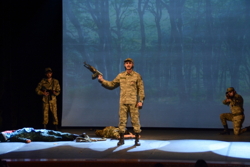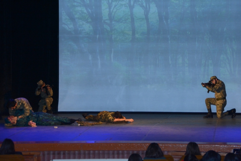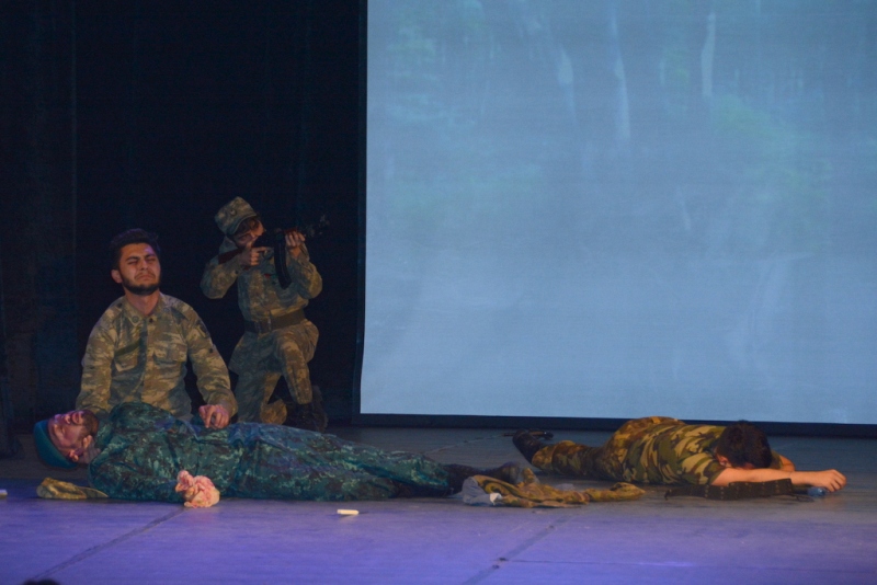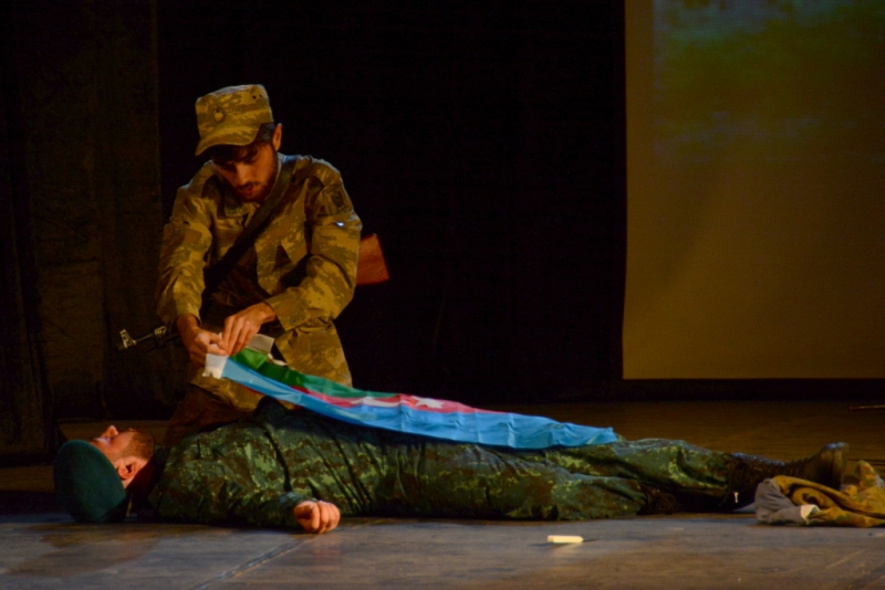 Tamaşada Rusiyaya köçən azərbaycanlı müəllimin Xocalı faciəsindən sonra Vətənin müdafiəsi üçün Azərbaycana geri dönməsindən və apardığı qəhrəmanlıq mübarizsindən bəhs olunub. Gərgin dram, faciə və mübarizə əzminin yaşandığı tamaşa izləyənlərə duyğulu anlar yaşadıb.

· · · ·

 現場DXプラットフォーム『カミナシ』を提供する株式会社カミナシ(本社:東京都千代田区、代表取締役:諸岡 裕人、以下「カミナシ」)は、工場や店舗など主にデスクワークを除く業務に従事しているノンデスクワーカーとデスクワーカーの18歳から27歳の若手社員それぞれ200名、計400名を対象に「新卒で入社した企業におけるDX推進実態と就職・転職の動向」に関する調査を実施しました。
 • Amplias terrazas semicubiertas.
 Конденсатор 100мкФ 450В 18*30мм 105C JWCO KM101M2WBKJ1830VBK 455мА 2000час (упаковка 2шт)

· · · ·

▸ **Your assignment**: Would you print exactly and only the lines of the material above that run from the line with "Amplias terrazas semicubiertas." through the line with "Конденсатор 100мкФ 450В", both included?

▸ **Answer for this exercise**:
 • Amplias terrazas semicubiertas.
 Конденсатор 100мкФ 450В 18*30мм 105C JWCO KM101M2WBKJ1830VBK 455мА 2000час (упаковка 2шт)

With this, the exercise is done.